*WHAT YOU SHOULD DO*: A word-for-word reproduction of the data below is needed, with no pictures in it.

*GIVEN INFORMATION*:

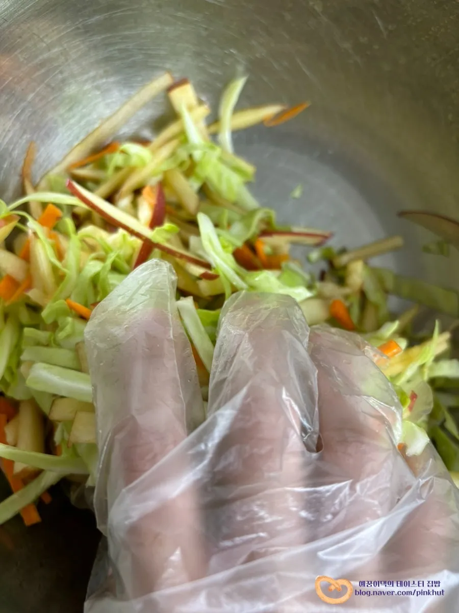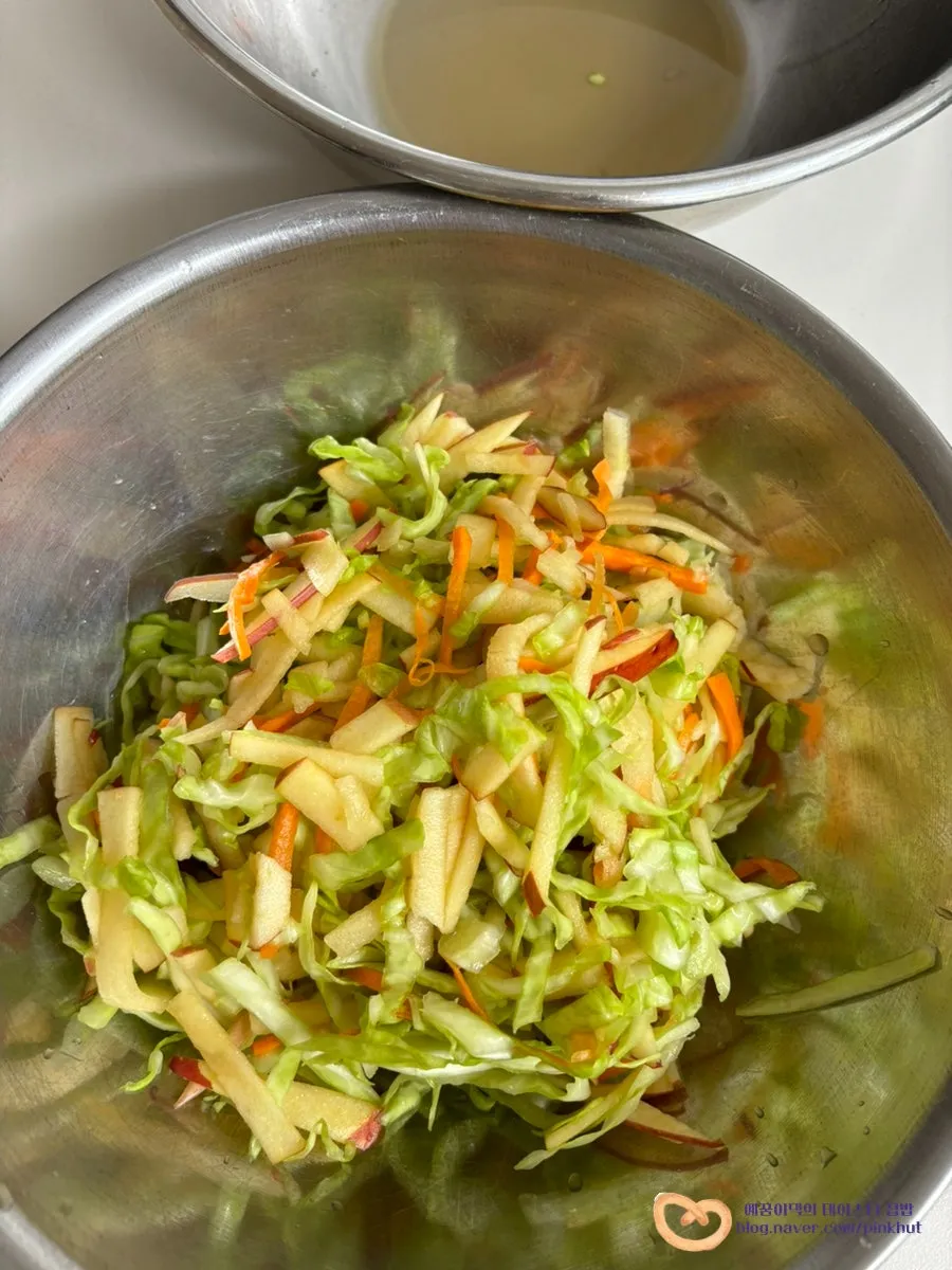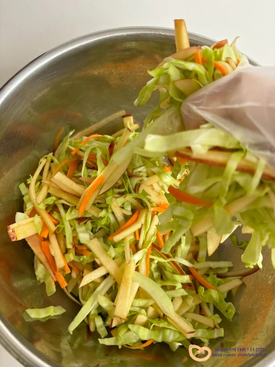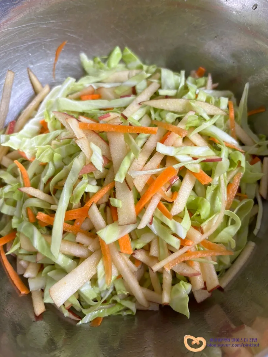 채 썬 사과, 양배추, 당근에 소금, 설탕, 식초를
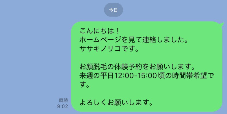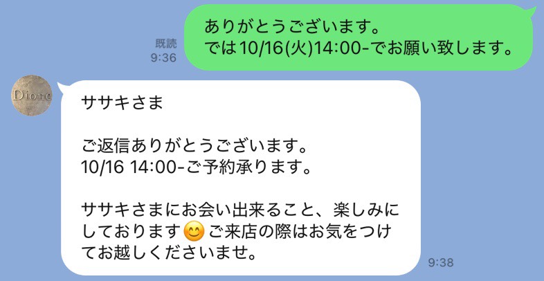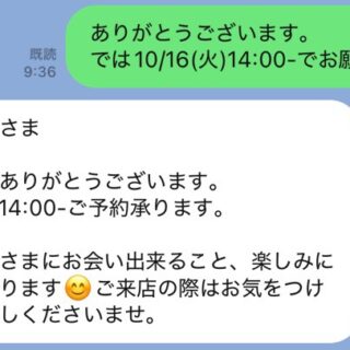 営業時間外や定休日などはすぐに返信が出来ない場合がございます。 時間帯や日にちに合わせて下記ネット予約もご活用ください。
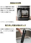 全自動で挽きたてコーヒーを楽しめるsiroca コーン式全自動コーヒーメーカー カフェばこPRO。高精度のコーン式ミルを採用し、豆の挽きムラを抑え、雑味の少ないコーヒーを淹れられます。豆・水の計量不要、タイマーつきで忙しい朝も楽!抽出温度は約94℃か約84℃から選べ、豆は粗挽きから細挽きまで無段階調節可能。カップ約6杯分まで淹れられ、豆は200gまで保存できます。
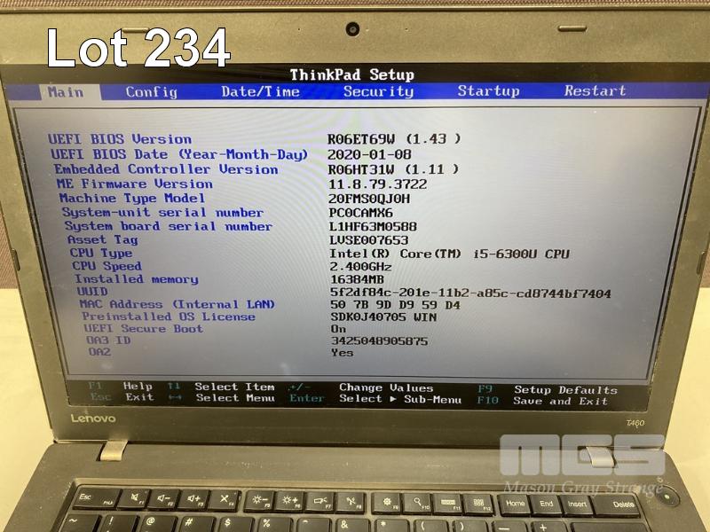 LAPTOP, LENOVO THINKPAD T460 (20FMS0QJ0H), CORE i5 6300U (6TH GEN) @ 2.4GHz, 16GB DDR3 RAM, 256GB SSD, 14" WIDESCREEN (1920x1080), INTEL HD VIDEO, Wi-Fi, BLUETOOTH, WINDOWS 10 PRO INSTALLED & POWER SUPPLY (NOTE: DAMAGE TO CASING BEHIND SCREEN, MARKS ON SCREEN, WHITE SPOT SCREEN BLEMISHES) S/N:PC0CAMX6

*RESULT BELOW*:
 채 썬 사과, 양배추, 당근에 소금, 설탕, 식초를
 営業時間外や定休日などはすぐに返信が出来ない場合がございます。 時間帯や日にちに合わせて下記ネット予約もご活用ください。
 全自動で挽きたてコーヒーを楽しめるsiroca コーン式全自動コーヒーメーカー カフェばこPRO。高精度のコーン式ミルを採用し、豆の挽きムラを抑え、雑味の少ないコーヒーを淹れられます。豆・水の計量不要、タイマーつきで忙しい朝も楽!抽出温度は約94℃か約84℃から選べ、豆は粗挽きから細挽きまで無段階調節可能。カップ約6杯分まで淹れられ、豆は200gまで保存できます。
 LAPTOP, LENOVO THINKPAD T460 (20FMS0QJ0H), CORE i5 6300U (6TH GEN) @ 2.4GHz, 16GB DDR3 RAM, 256GB SSD, 14" WIDESCREEN (1920x1080), INTEL HD VIDEO, Wi-Fi, BLUETOOTH, WINDOWS 10 PRO INSTALLED & POWER SUPPLY (NOTE: DAMAGE TO CASING BEHIND SCREEN, MARKS ON SCREEN, WHITE SPOT SCREEN BLEMISHES) S/N:PC0CAMX6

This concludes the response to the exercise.